Idaho and Mississippi have zero openly LGBTQ elected officials, despite major advances in queer representation in U.S. politics, a new report found.
The LGBTQ+ Victory Fund, an organization that works to get LGBTQ people into public office, found that the number of openly queer elected officials increased by 13.6 percent from June 2022 to May 2023.
In its annual Out for America report, the group also found that the number of queer people of color elected jumped by 23.2 percent in the past year. But while this progress is heartening, LGBTQ elected officials still only make up less than a quarter of a percent of all U.S. officials.
That discrepancy is particularly noticeable in Idaho and Mississippi, which have no LGBTQ elected officials. Those two states, along with Louisiana and West Virginia, also have zero LGBTQ state legislators.

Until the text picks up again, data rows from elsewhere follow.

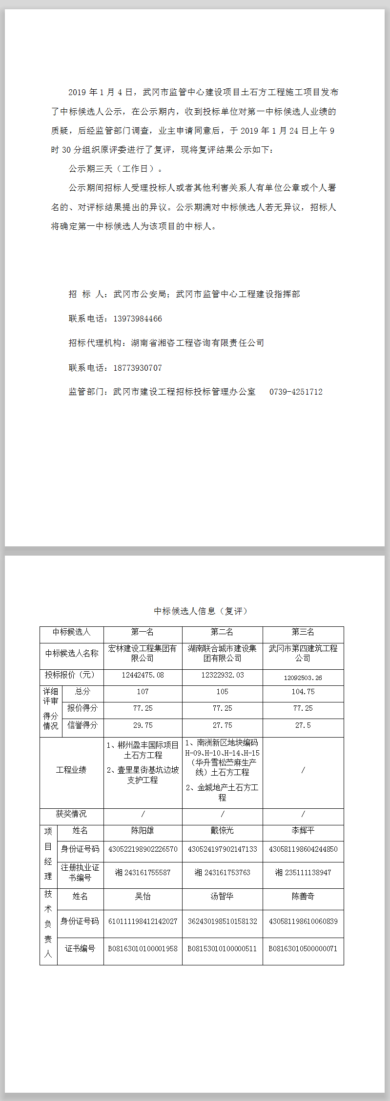 武岡市監管中心建設項目土石方工程施工中標候選人公示(復評)
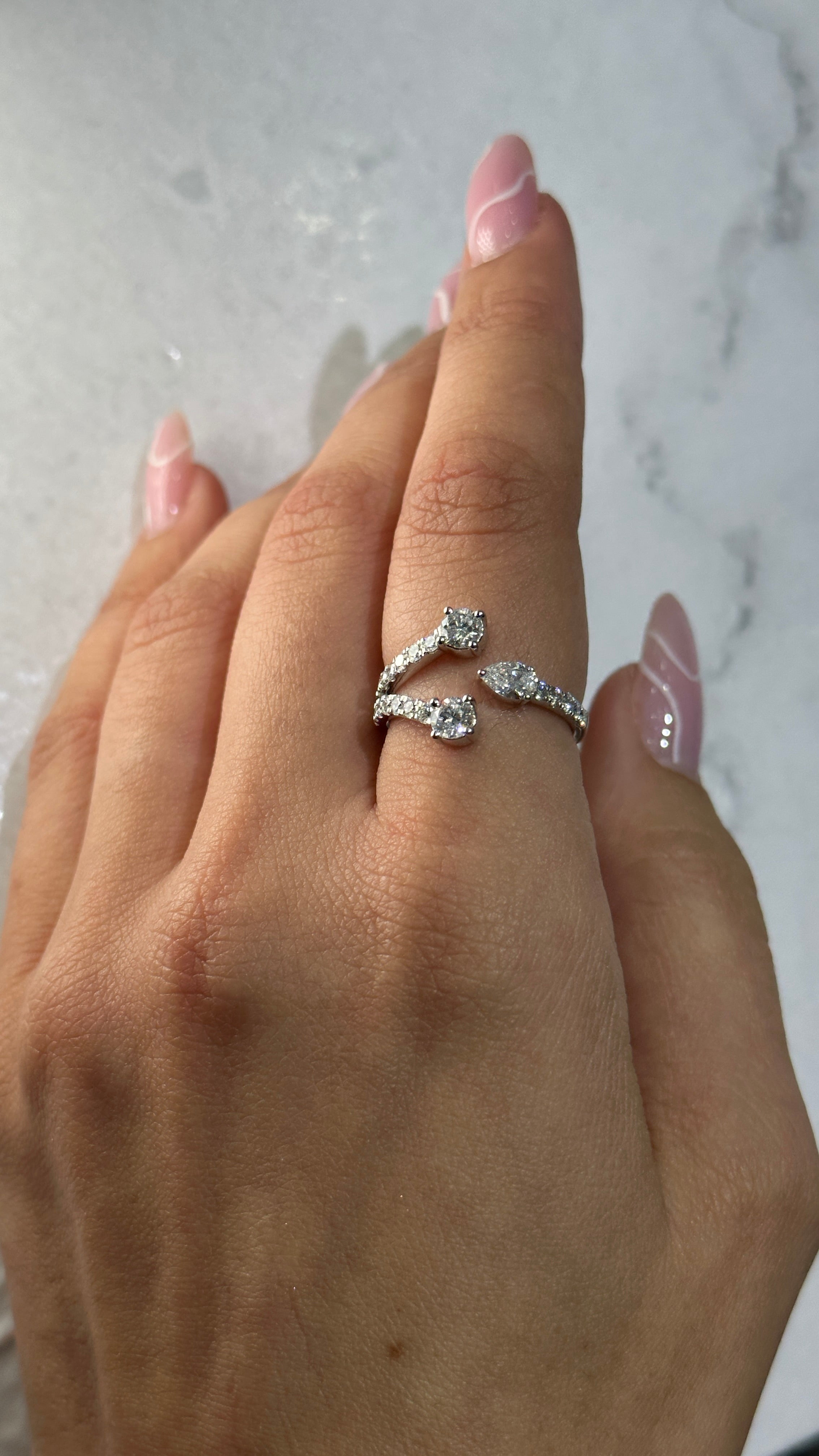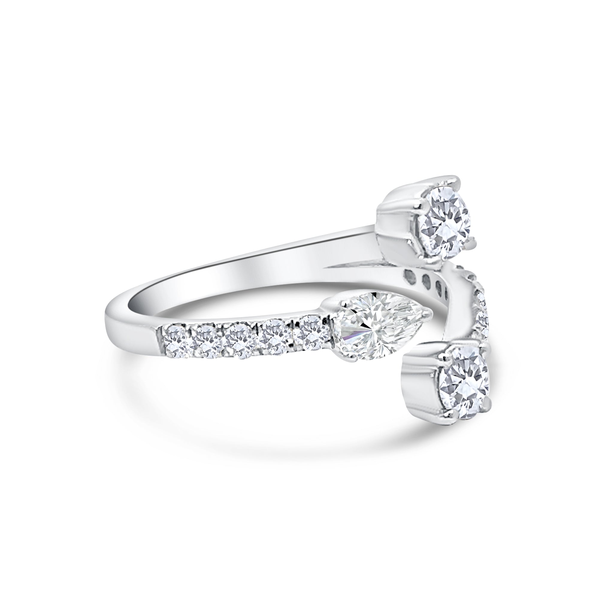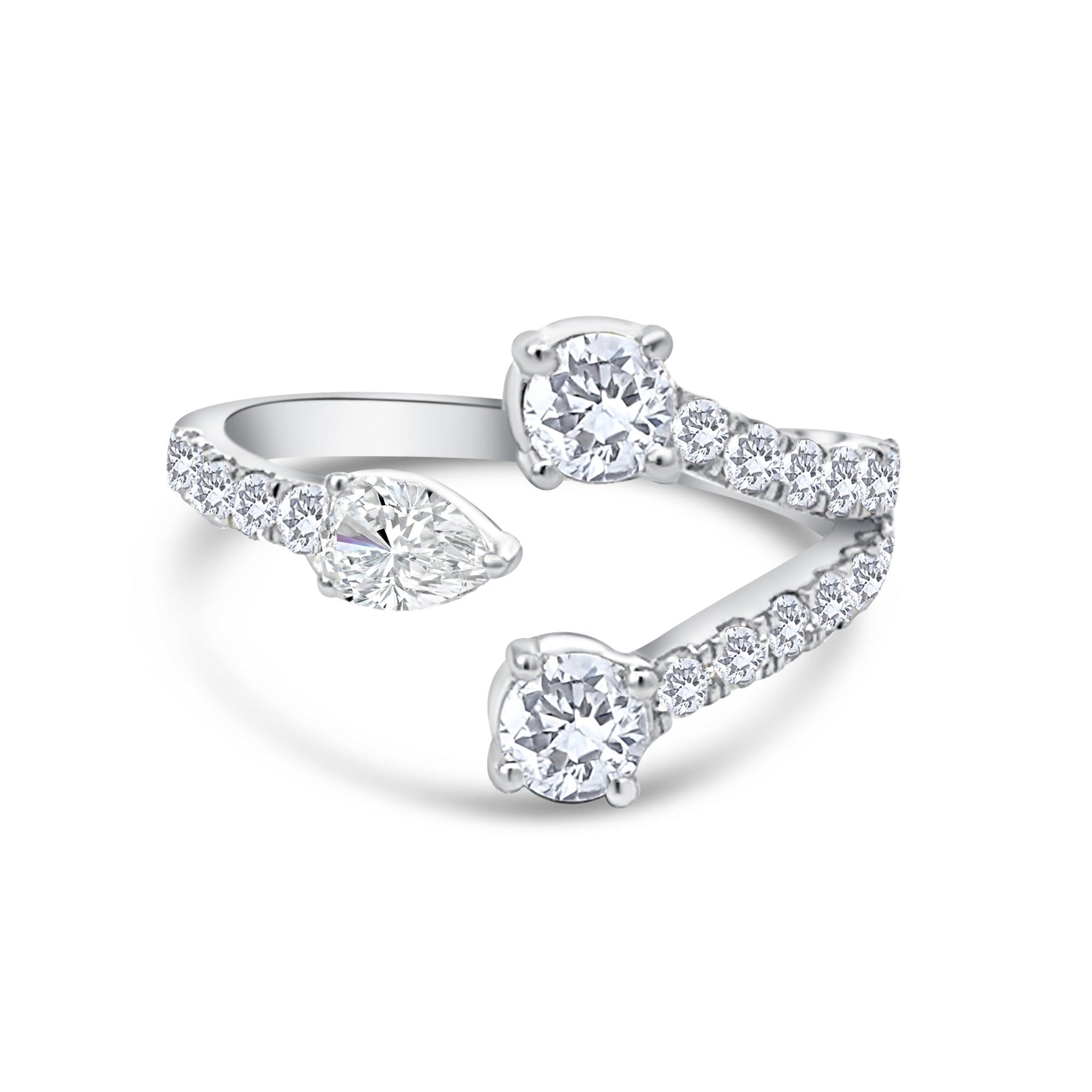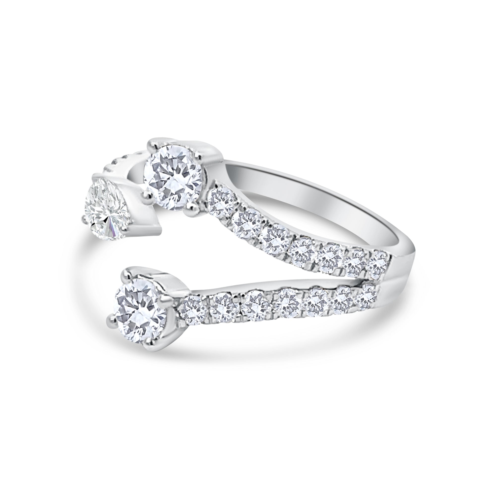 Introducing our captivating LAP 3 Stone Ring, a true masterpiece that embodies elegance and sophistication. This exquisite ring showcases a harmonious combination of lab-created gemstones - a dazzling pear-cut stone and two scintillating round-cut gems - totaling 1.221 carats, all set in a lustrous 14KT white gold band.
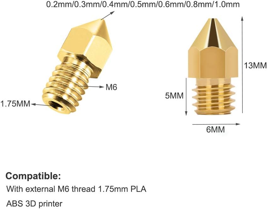 5 x 0.6mm 3D Printer Nozzles
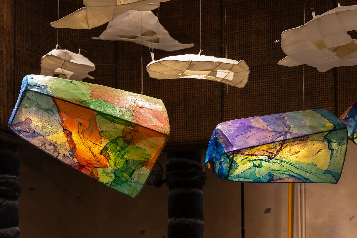Nghệ sĩ và Tác phẩm Nghệ thuật Địa phương: Hai nghệ sĩ địa phương Kim Vũ Thư và Phương Gió đã mang đến những tác phẩm nghệ thuật sống động và đầy màu sắc được làm từ vật liệu tái chế, tô điểm thêm nét độc đáo cho không gian nhà hàng. Những tác phẩm nghệ thuật này được thiết kế riêng cho nhà hàng, sử dụng túi ni lông tái chế và giấy dó truyền thống. Những tác phẩm nghệ thuật này không chỉ là điểm nhấn thẩm mỹ mà còn củng cố cam kết phát triển bền vững thông qua việc sử dụng vật liệu tái chế.
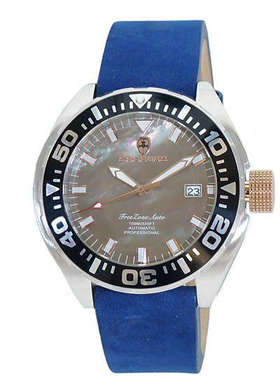 TORINO CARRERO FreeZone-Auto, Men's Automatic NH35-24 JEWEL Mov't, Brown MOP- Dial - Black Bezel, Suede Blue Genuine Leather Band.
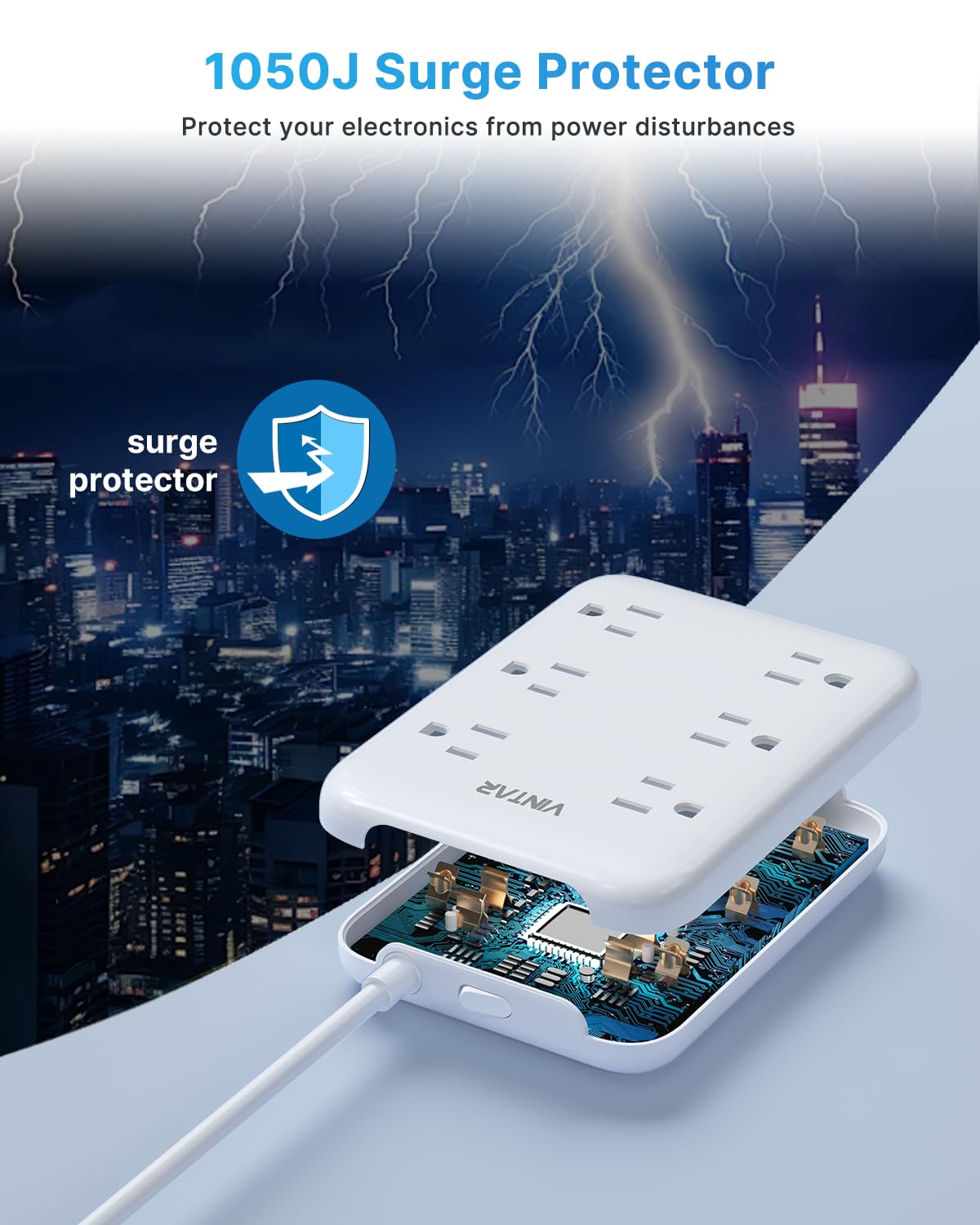 - Superior Safety: This surge protector power strip is FCC listed, equipped with 1050 joules of surge protection and a 13A circuit breaker, it also features a fire-resistant PC casing, protecting your home/office equipment such as TV, computer, printers, copiers, and routers from voltage fluctuations, surges, and spikes

The situation in Idaho and Mississippi should come as no surprise, though. Both states have been aggressive in pushing legislation to curb LGBTQ rights since the start of the year. Mississippi lawmakers introduced at least 31 anti-LGBTQ bills at the start of the session alone.
The Idaho House also passed two bills in February targeting drag performances. One bill banned drag in public, and the other prohibited state agencies from sponsoring nongovernmental organizations and events such as Pride celebrations. Both those measures stalled in the state Senate.